What is needed is to understand the substance of the arguments - what artistic positions were the different painters defending. But that's outside my five minute intro.

end

On the different points of view of directly experienced and narrative

I think a lot of people laughed when in the '70's when Sidney Tillim said at the Alliance that there was a Hegelian necessity that representational art would turn to narrative or History painting in the grand manner, but it had some truth; It was an impulse that kept showing up - started in the late '60's with Al Leslie's Killing of Frank O'Hara and also with Milet Andrejevic and of course Tillim himself.  The meaningful narrative idea reached Lennart Anderson, Georges, Gabriel Lalderman and others soon after.

The coming together and the argument did a lot for us. This opposition of the narrative, constructed image (the history painting direction) with the directly experienced, from-life mode was the problem we had to confront. Many of us continued to develop throughout our careers by exploring the possibilities of narration while keeping the link with the real perceived world;  Laderman for instance started painting still lives and landscapes that had no figures in them and were done directly from the motif and then introduced  posed figures expressing narrative in the '80's which were a little academic and static then in his late realized narratives where he used models but could distort them and give them motion. He is someone who used the Alliance dialogue to his benefit. He started with a directly experienced representation of the world and expanded and developed using Leslie's and Tillim's ideas of narrative and Georges' ideas of movement and painting mechanics.

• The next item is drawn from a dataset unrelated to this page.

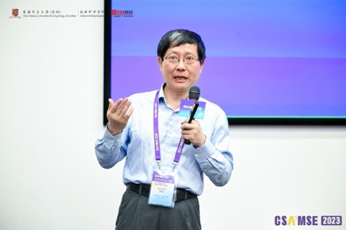 戴建崗教授也在開幕式上代表數(shù)據(jù)科學(xué)學(xué)院致辭。戴教授也介紹了學(xué)院國(guó)際化這一特色,學(xué)院師資包括美國(guó)、德國(guó)、法國(guó)、日本、以色列等全球各國(guó)優(yōu)秀教授,許多管理科學(xué)領(lǐng)域知名教授如Guillermo Gallego、Moshe Haviv、Konstantinos Courcoubetis都在數(shù)據(jù)科學(xué)學(xué)院師資之列。在所有的研究領(lǐng)域中,運(yùn)籌學(xué)和管理科學(xué)在建校之初即為港中大(深圳)的重點(diǎn)和實(shí)力領(lǐng)域。港中大(深圳)經(jīng)濟(jì)與管理學(xué)院和數(shù)據(jù)科學(xué)學(xué)院共有50多名教授在此領(lǐng)域從事教學(xué)與科研,學(xué)生們也熱衷于選擇此專業(yè)。我們非常希望與世界各地的學(xué)者們一起,讓運(yùn)籌學(xué)、管理科學(xué)為社會(huì)帶來更大的影響與價(jià)值。戴教授也誠邀參會(huì)嘉賓給學(xué)院提供寶貴的建議,也希望CSAMSE 2023成為各位新老朋友交流合作的好平臺(tái),歡迎各位再次訪問港中大(深圳)。
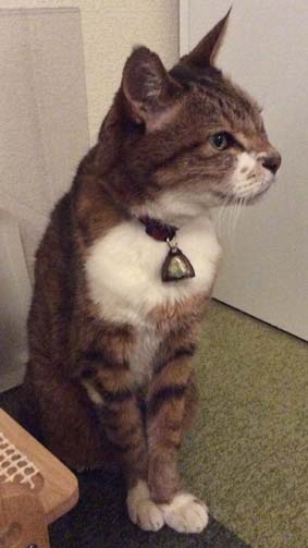 もう19歳なので、茶色の毛の中に白い毛が増えてきました。猫って後ろ足の筋肉がすごく発達していますが、その辺りの筋肉が細くなってきました。

And Georges disparaged still lives and later still lives became a great subject for him - a direction opposite  than Laderman’s; one going from directly experienced to narrative the other going from narrative to directly experienced.
 
* * *

Compare  Club to Alliance

Club: members only with monthly dues.   Alliance: room donated by a non profit cultural institution

Club: non members may only enter as guest    Alliance: anyone can enter by paying nominal fee

Club: Policy of no students or architects     Alliance: stated purpose to be for representational artists but no one barred

Club: Wide spectrum of styles (with ab. ex. largest contingent)    Alliance: Representational painters and sculptors mostly

Club: More of a cohesive club with varied functions ( dances, drinking parties and non art lectures)   Alliance: less social programs; everyone went to a bar after.